(Data to examine begins)

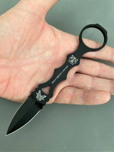 Benchmade借鉴了全尺寸 SOCP 的优点,再次与 Greg Thompson 联手,优化了 SOCP 平台最受欢迎的一些元素,推出了 173BK Mini SOCP,便于隐蔽携带。它是完美的自卫工具,用户无需放下刀,即可保持灵活性并操纵其他物体。专门的刀鞘设计还可以与装备和织带集成,同时保持低调。根据特种作战人员的反馈,他们更新了刀鞘的设计,增加了一些 J 形钩,以便更好地固定在 MOLLE 织带、口袋接缝和腰带上。它具有与全尺寸 SOCP 相同的手柄,但刀片较小。刀的总长度使其更容易隐藏,同时在自卫情况下保持其有效性。
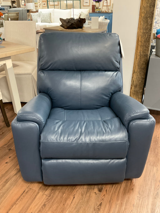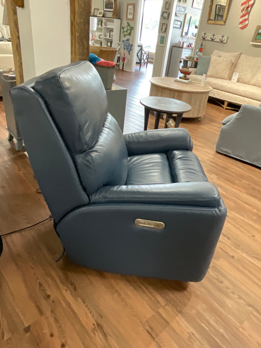 Only 1 left!Artisan Home Collection presents the Rio power rocking recliner with power headrest. In a navy leather material. 38"x41"x42"
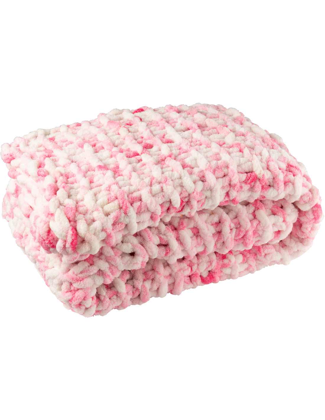 Plaid Tricot chaud 130x170 en Tissu Rose Blanc Motif tricoté Knitty
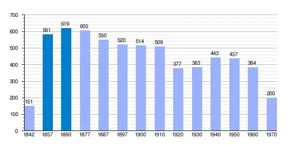 | Gráfica de evolución demográfica de Barcina de los Montes[8] entre 1842 y 1970 |
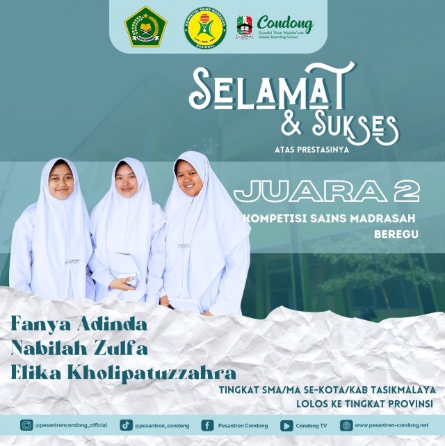 Semoga para perwakilan dari Pesantren Condong ini memberikan penampilan terbaiknya di KSM tingkat provinsi Agustus mendatang.

(Data to examine ends)

* [What the task requires]: Write out all the entries word for word, but drop the pictures.

* [Exercise answer]:
 Benchmade借鉴了全尺寸 SOCP 的优点,再次与 Greg Thompson 联手,优化了 SOCP 平台最受欢迎的一些元素,推出了 173BK Mini SOCP,便于隐蔽携带。它是完美的自卫工具,用户无需放下刀,即可保持灵活性并操纵其他物体。专门的刀鞘设计还可以与装备和织带集成,同时保持低调。根据特种作战人员的反馈,他们更新了刀鞘的设计,增加了一些 J 形钩,以便更好地固定在 MOLLE 织带、口袋接缝和腰带上。它具有与全尺寸 SOCP 相同的手柄,但刀片较小。刀的总长度使其更容易隐藏,同时在自卫情况下保持其有效性。
 Only 1 left!Artisan Home Collection presents the Rio power rocking recliner with power headrest. In a navy leather material. 38"x41"x42"
 Plaid Tricot chaud 130x170 en Tissu Rose Blanc Motif tricoté Knitty
 | Gráfica de evolución demográfica de Barcina de los Montes[8] entre 1842 y 1970 |
 Semoga para perwakilan dari Pesantren Condong ini memberikan penampilan terbaiknya di KSM tingkat provinsi Agustus mendatang.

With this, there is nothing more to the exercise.